Q: how would that come about, pray tell?
Well, you have a borderline delusional Zelensky ‘government’ in Kiev that’s cheered on by the EU and their masters in DC; there are NATO troops placed at Ukraine’s western borders. Add to that the utter confusion and ignorance of ‘Western’ elites in politics and media that are cheering each other ‘forwards’ (eastwards): Germany pledged 100 billion € for ‘defence’, sent combat troops to Slovakia, and is constantly chided by the Ukrainian ambassador. (Incidentally, former high-level aide to W German chancellor Willy Brandt, Albrecht Müller, decried the ‘lack of autonomy’, if not sovereignty, on part of Germany that allows such outrageous statements by a diplomatic ‘guest’ to push the government around. I agree with Mr. Müller on this one: it tells everyone about the ‘true’ masters in DC, but I digress.)
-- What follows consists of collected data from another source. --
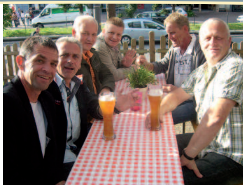
Nach soviel Kultur erstmal Pause...ach geht ja gleich weiter....
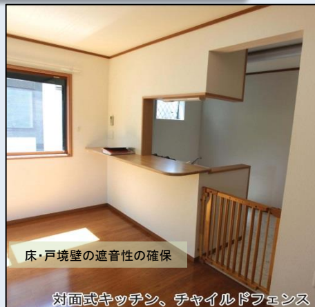
床・戸境壁の遮音性の確保
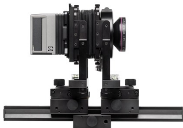
サードパーティ製アダプターにより ビューカメラでも使用可能

ハッセルブラッドCFデジタルバック・シリーズは、プロフェッショナル・デジタル・フォトグラファーに新次元の柔軟性を提供します。2200万画素または3900万画素センサーを選べるほか、画像の保存方法も、携帯性に優れたCFカード、超高速保存が可能な100GBイメージバンク、多彩な制御が可能なコンピュータ接続の3種類から選べます。また、オープン・カメラ・インターフェースであるi-アダプターを使用すれば、CFシリーズをさまざまなカメラで使用できますので、お好みのカメラでハッセルブラッドの撮影クオリティが発揮できます。さらにCFデジタルバック・シリーズでは、補間なしにデジタル画像を撮影するマルチショット撮影が可能な機種があるほか、ハッセルブラッド・スター・イメージ・クオリティも実現可能ですので、デジタル撮影の世界が大きく広がります。
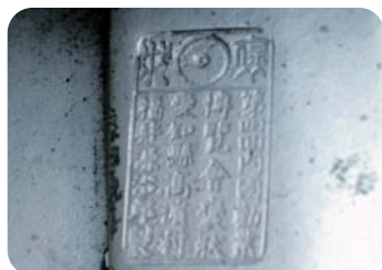
刻銘の刻まれた古い瓦
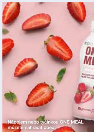
Nápojem nebo tyčinkou ONE MEAL můžete nahradit oběd.
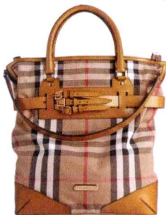
芥木黄两用背包 (2012年新款)
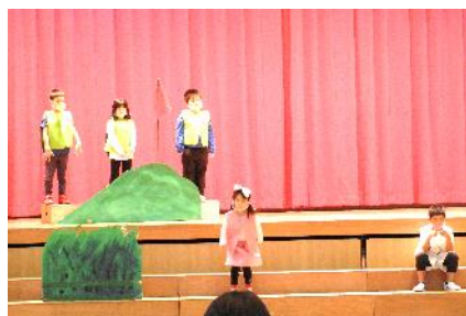
1年生 うさぎとかめ
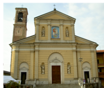
S. Giorgio Martire CORNATE D'ADDA
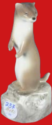
Goldscheider Wien Entwurf von Paul Zeiler H=16,9 cm
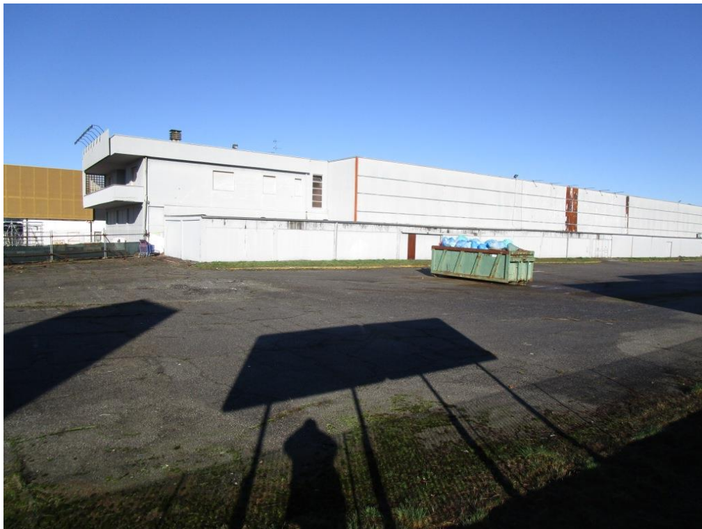
Foto 1 – Vista del capannone attualmente ad uso commerciale (lato est) e dell'area esterna

Estratto di mappa - con perimetrazione gialla vengono indicati i beni immobili LOTTO 2
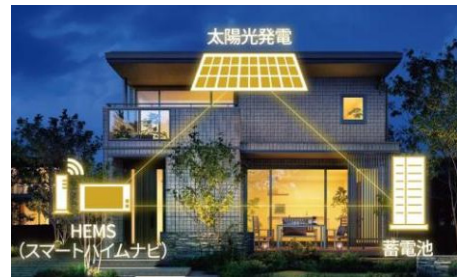
3点セット(PV、蓄電池、HEMS)を全邸搭載

快適な室内環境の確保やカーボンニュートラル社会への貢献を目指し、全邸を『ZEH』仕様※1とします。高い品質管理のもと大半が工場生産される高気密・高断熱の躯体性能をベースに、PV、蓄電池(4.9kWh以上※7)、HEMS「スマートハイムナビ」の3点セットを全邸で採用。可能な限り自然エネルギーを活用し、電力価格高騰リスクにも対応するクリーンな暮らしを実現します。
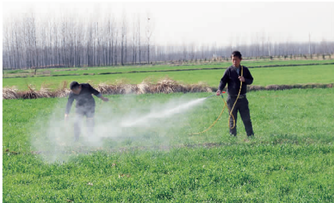
3月11日,光山县仙居乡张湾村青春合作社社员正在麦田喷洒除草剂。时下正是春耕备播和田间管理的关键时期,该县农民抓紧施肥、除草、灌溉,为今年夏季小麦稳产增收打下良好基础。

甚至是大项目支撑经济发展。”淮滨县长梁超颇有感触地说。2017年,淮滨县共谋划各类固定资产投资投资项目402个,纳入当年省、市、县三级重点项目191个,年度计划投资116.9亿元,完成投资109.7亿元,占项目年度投资额的93.83%,有效支撑了全年经济社会发展。2017年该县多项主要经济指标领跑全市,其中全年固定资产投资完成196.6亿元,增长18.3%,位居全市第二。2018年,该县继续深化项目建设年活动,谋划固定资产投资投资项目483个,总投资632亿元,年度推进重点项目259个,计划完成投资149亿元,是历年之最。

As I wrote the other day, images of refugees trying to get out—many of whom, incidentally, consisting of men aged 18-60, which the Kiev régime is trying to force into the army (in the olden times, this practice used to be called ‘pressgang’, and it was notorious, to say the least), but these are amplified be both state and de facto state media to whip up a frenzy, or at least some support among the population, to ‘do something’ about this.
At that point, it becomes ‘thinkable’ to send NATO troops into western Ukraine on ‘humanitarian’ grounds (think: R2P), at which point the Russian leadership will simply say ‘look, we’ve done the same’ in the Donbass, adding ‘take all the neo-nazis you want, and please keep them’.
So, we’ll see a path towards the ‘Koreanisation’ of Ukraine, with a Kiev-government-in-exile in Lvov, ‘supported’ by the EU (by which is meant: paid for by European money at the behest of the swamp creatures in DC).
Q: o.k., I can see that this isn’t some outlandish theory of yours, I admit this is actually a distinct possibility as it allows both major players (the ‘West’ and Russia) to claim that they’ve ‘done something’. So, what about Zelensky and his crew?
Now, that’s the thing where I’m fully on the side of the people and, incidentally, Russian allegations of criminal behaviour on part of the Kiev régime. Handing out assault rifles to civilians and trying to conjure up a kind of civilian mass uprising, a kind of Götterdämmerung 2.0 in Kiev is both idiotic and criminal. As anyone who ever trained in the military (I did eight months with the Austrian army a long time ago and regularly handled live ammunition) knows, it’s comparatively easy to use these weapons, but that doesn’t mean you know what you’re doing.
I want to be crystal clear about what the disbursement of such weapons among certain parts of the civilian population in Kiev is: it’s a crime, and I fully support the notion that Zelensky and his ilk shall stand trial, ideally in Kiev in front of their fellow Ukrainians. On this, check out ‘Coach Red Pill’ (Gonzalo Lira) from a hotel room in Kiev, over here.
Furthermore, check out Russ Bentley and Alina Lipp, both reporting independently from the Donbass, over here, if you’re up for that.
More soon.
Re: Koreanisation of Ukraine
Have you seen this video?
https://www.youtube.com/watch?v=JrMiSQAGOS4
He says that a situation where Eastern Ukraine becomes a part of Russia, and Western Ukraine joins NATO, is precisely the sort of situation one would want to avoid. To many nukes too close to each other. Alas, that may be the best scenario that still remains possible. Can you see a (realistic) outcome that would be better?
Financial over politics... we'll die because of that... The real enemy is Wall Street and their gangs!